WHAT IS EXPECTED —
Without its pictures, the listing below is to be transcribed exactly.

GIVEN DATA —
▬▬▬▬▬▬▬▬▬▬

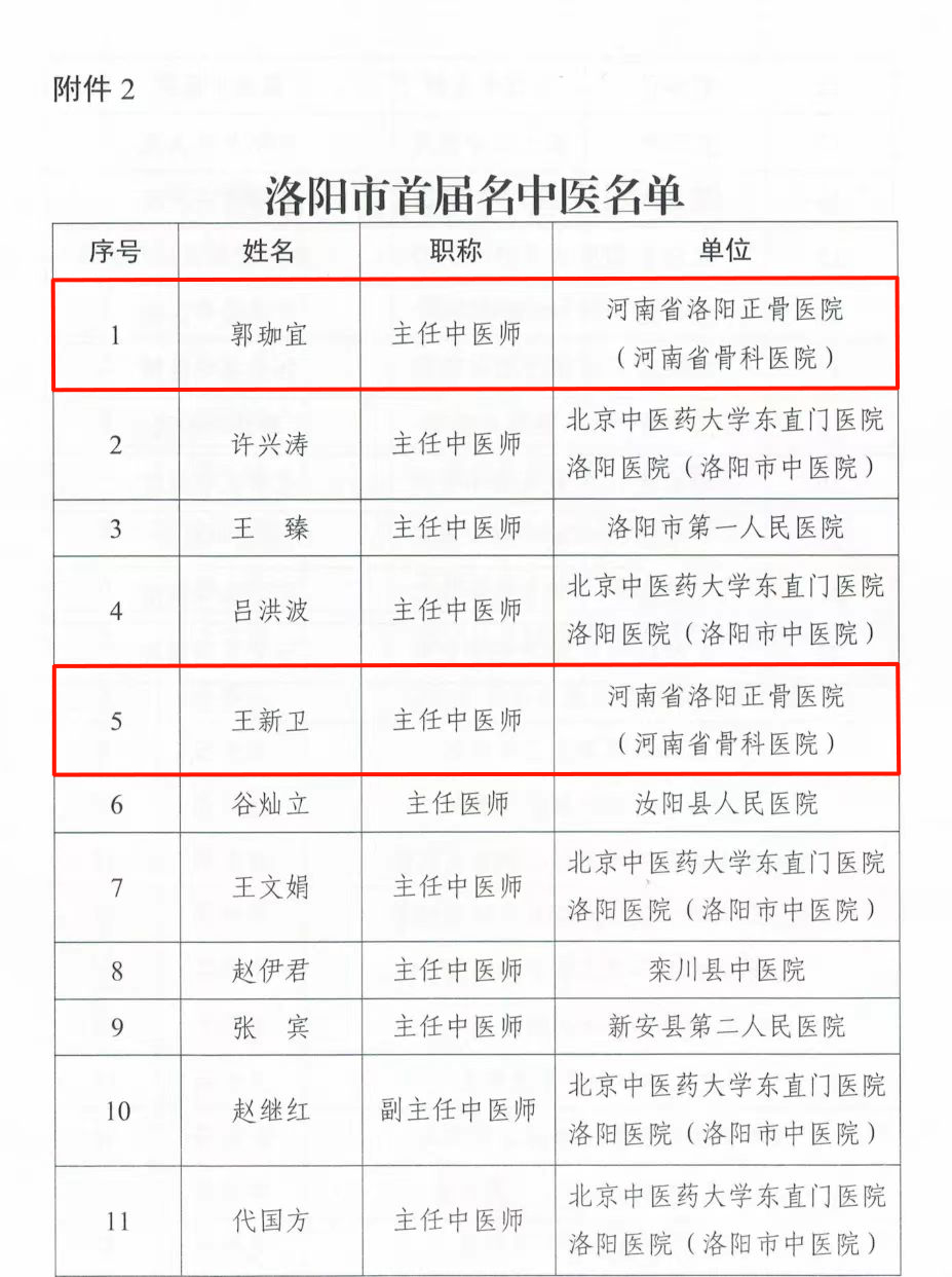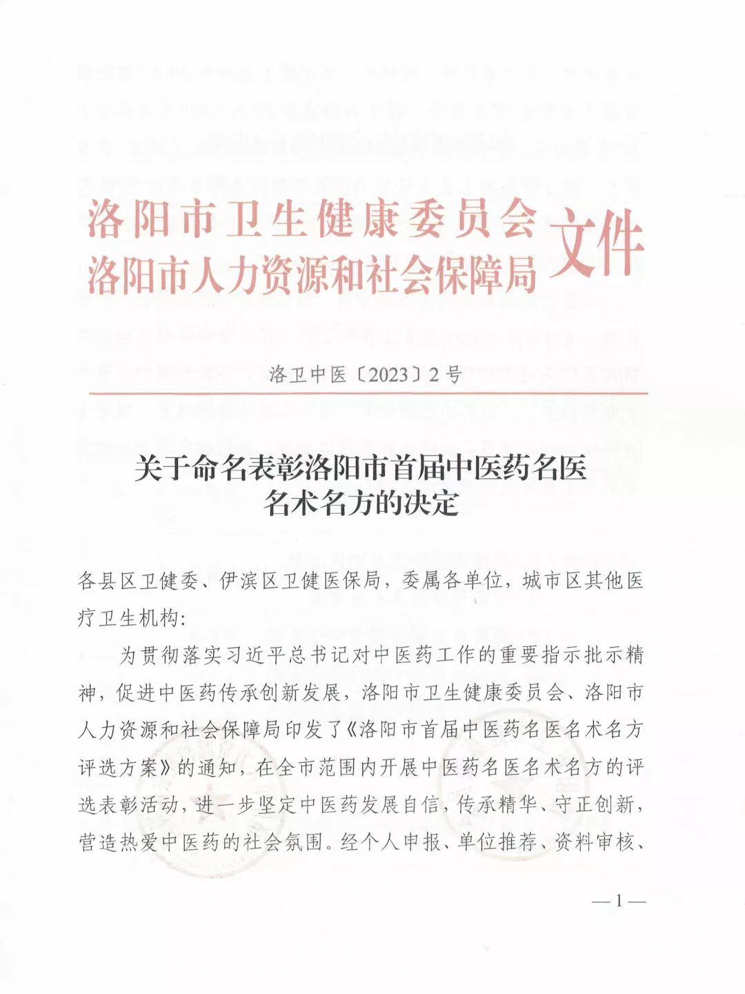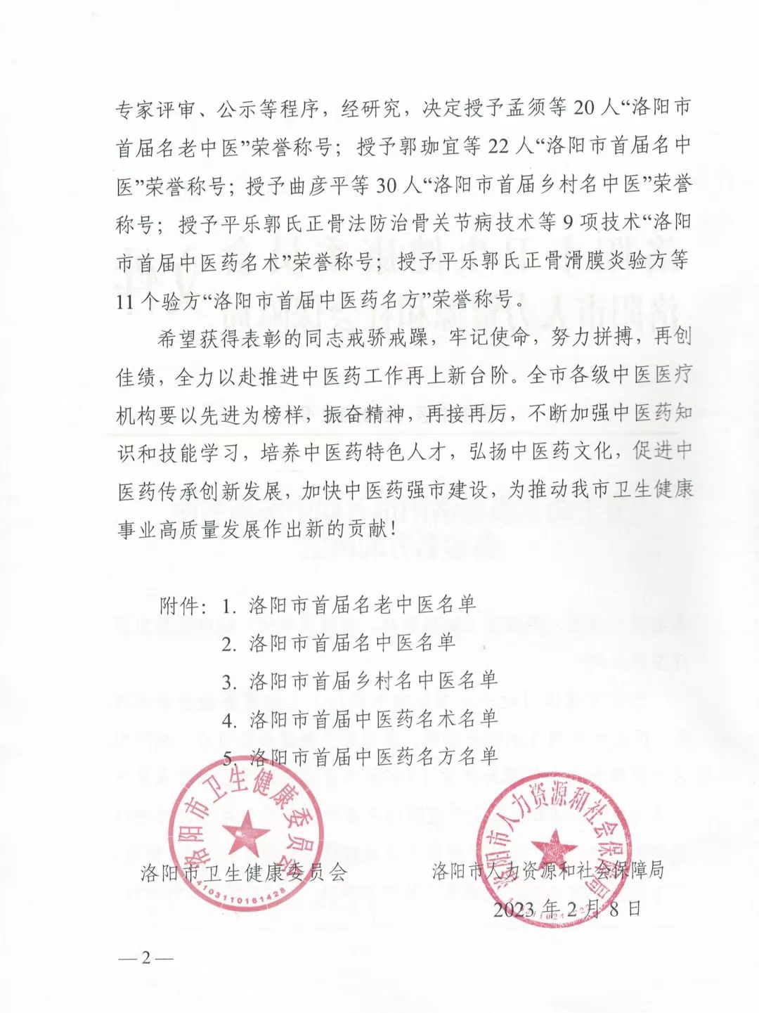 经个人申报、单位推荐、资料审核、专家评审、公示等程序,授予我院郭珈宜、王新卫“洛阳市首届名中医”荣誉称号;
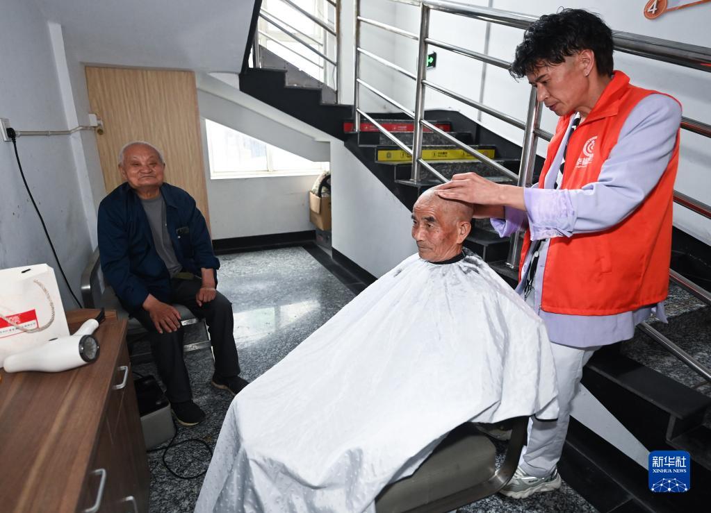 5月18日,志愿者在織里鎮(zhèn)晟舍村居家養(yǎng)老服務(wù)中心為老人進(jìn)行義務(wù)理發(fā)。
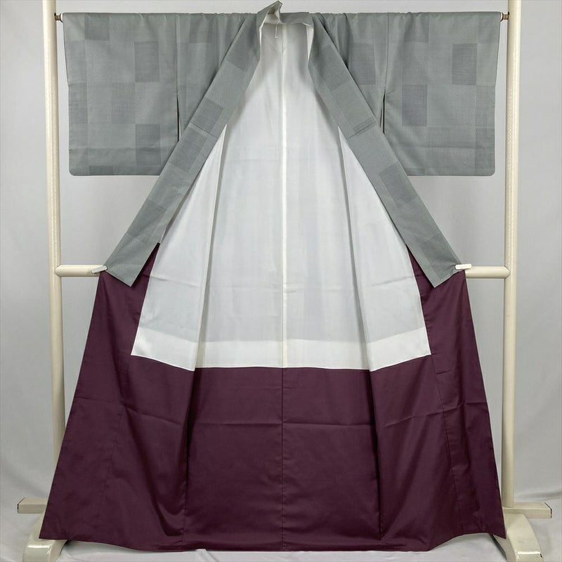 【色柄】薄灰緑 カジュアル 変わり市松 絣柄

▬▬▬▬▬▬▬▬▬▬

WRITTEN SOLUTION —
 经个人申报、单位推荐、资料审核、专家评审、公示等程序,授予我院郭珈宜、王新卫“洛阳市首届名中医”荣誉称号;
 5月18日,志愿者在織里鎮(zhèn)晟舍村居家養(yǎng)老服務(wù)中心為老人進(jìn)行義務(wù)理發(fā)。
 【色柄】薄灰緑 カジュアル 変わり市松 絣柄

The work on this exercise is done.